▶ _Data section_
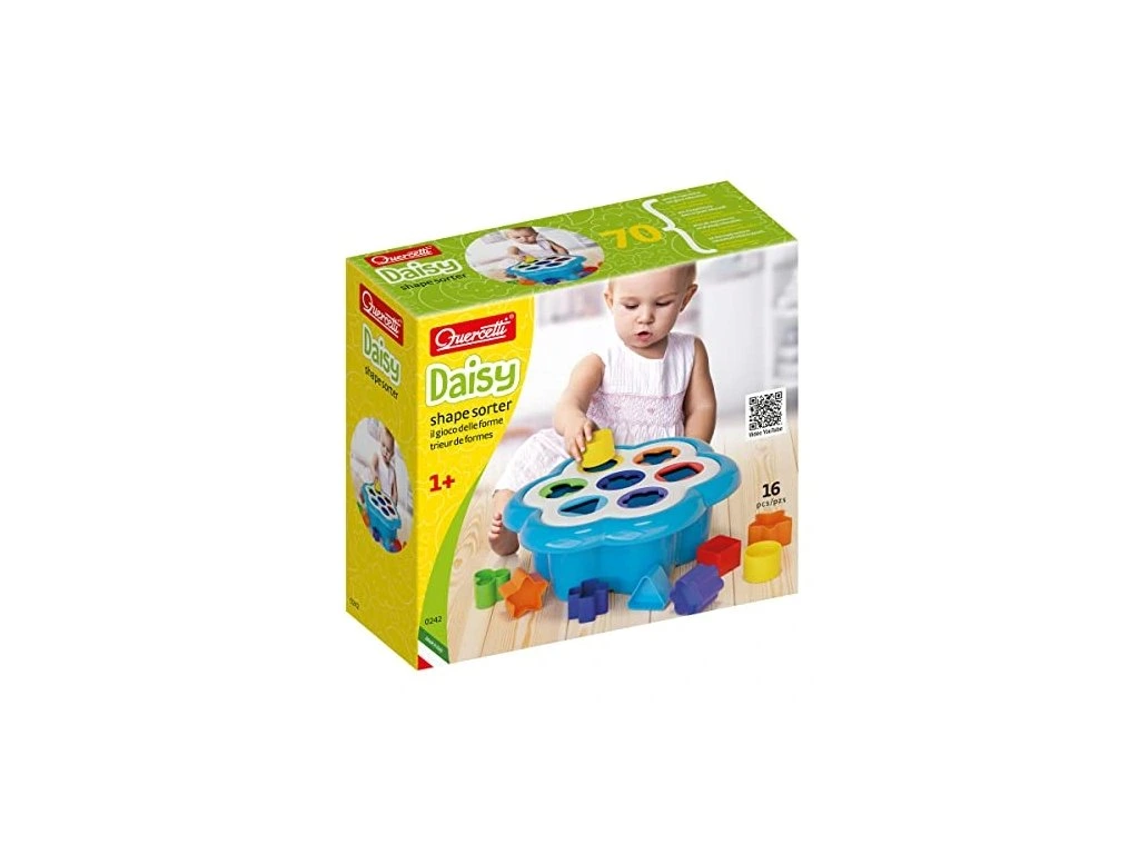 Stavebnice Daisy Shape Sorter je skvělým nástrojem na rozvoj jemné motoriky, tvořivosti a schopnosti rozlišovat barvy a tvary u dětí. Sada obsahuje 14 různobarevných dílků v sedmi různých tvarech, které děti učí správně rozpoznat a vložit do odpovídajícího otvoru.Po skončení hry je možné všechny díly prakticky uložit do schránky ve tvaru květiny, což umožňuje jednoduché uskladnění a přenášení. Všechny díly jsou umyvatelné, čímž se zabezpečuje hygienická a bezpečná hra. Daisy Shape Sorter nabízí dětem hravý a vzdělávací zážitek, který podporuje jejich růst a učení.
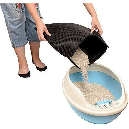 PREVENT LITTER SPREAD: The large litter mat features a dual-layer honeycomb design that traps loose litter on the surface while enabling it to fall through to the bottom layer for recycling into the box.
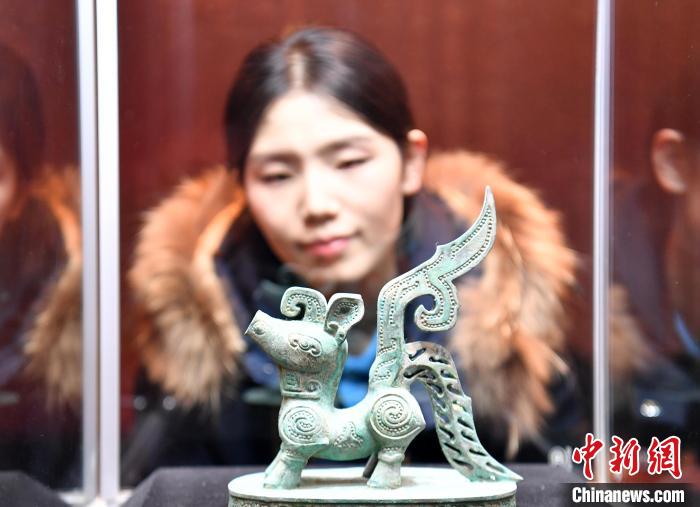 图为1月9日,游客参观展品青铜神兽。(图片来源:中新网)
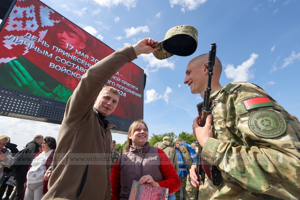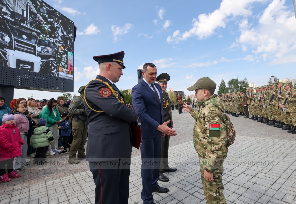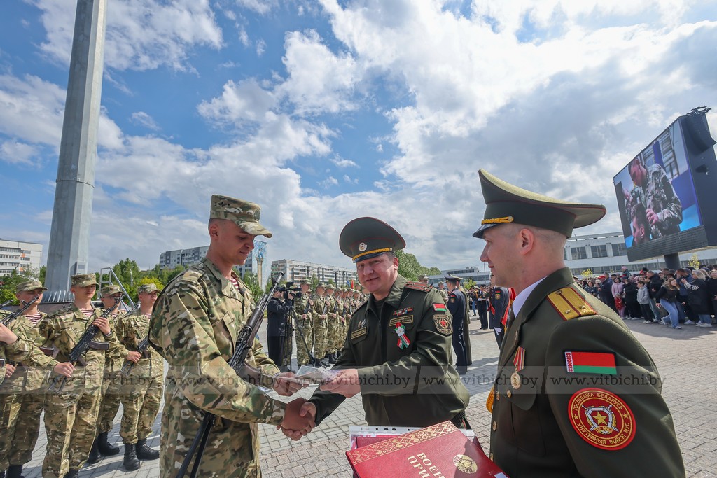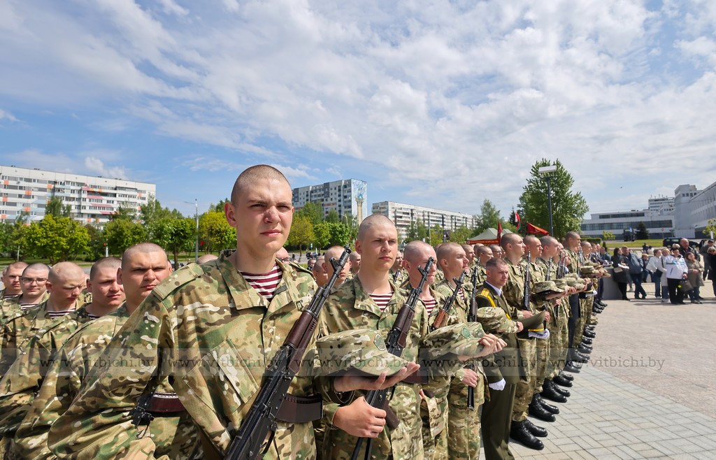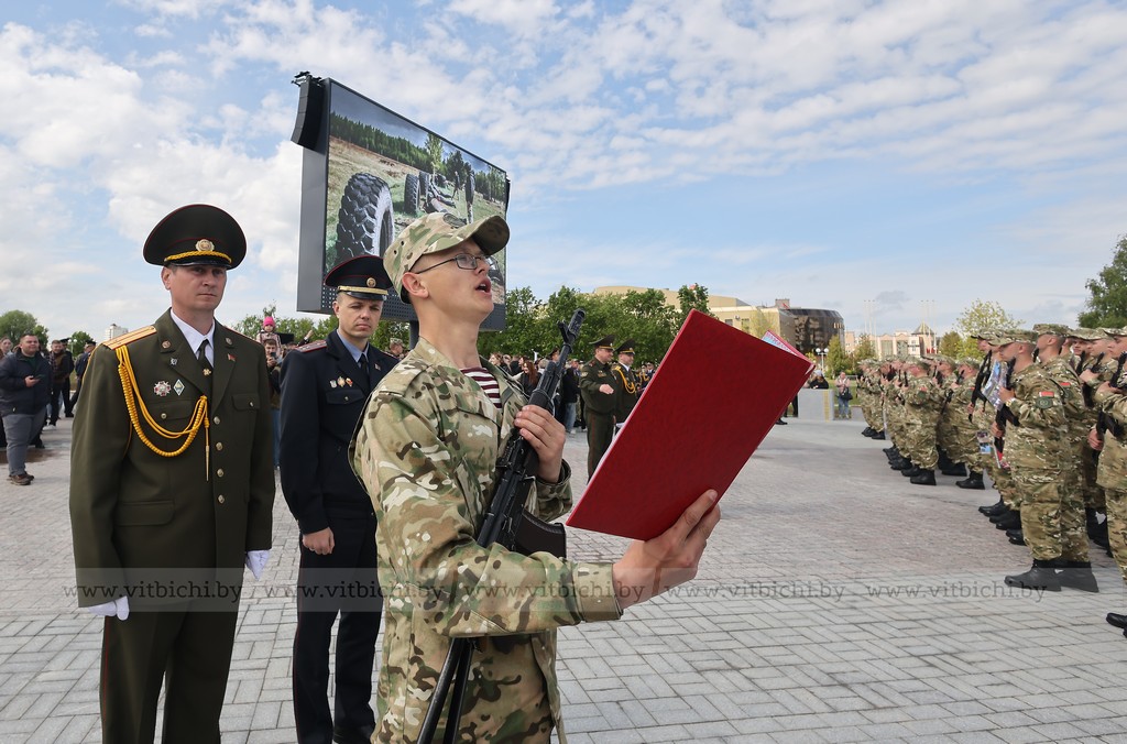 17 мая / «Витьбичи» / Юлия Прищепа /. Церемония принятия военной присяги новым пополнением войсковой части 5524 прошла на недавно открытой площади Флага и Герба.

▶ _Task to complete_
Word for word, give again the lines from the line holding "PREVENT LITTER SPREAD: The" through the last line of the material, both included; pictures are not part of the copy.

▶ _Solved exercise_
 PREVENT LITTER SPREAD: The large litter mat features a dual-layer honeycomb design that traps loose litter on the surface while enabling it to fall through to the bottom layer for recycling into the box.
 图为1月9日,游客参观展品青铜神兽。(图片来源:中新网)
 17 мая / «Витьбичи» / Юлия Прищепа /. Церемония принятия военной присяги новым пополнением войсковой части 5524 прошла на недавно открытой площади Флага и Герба.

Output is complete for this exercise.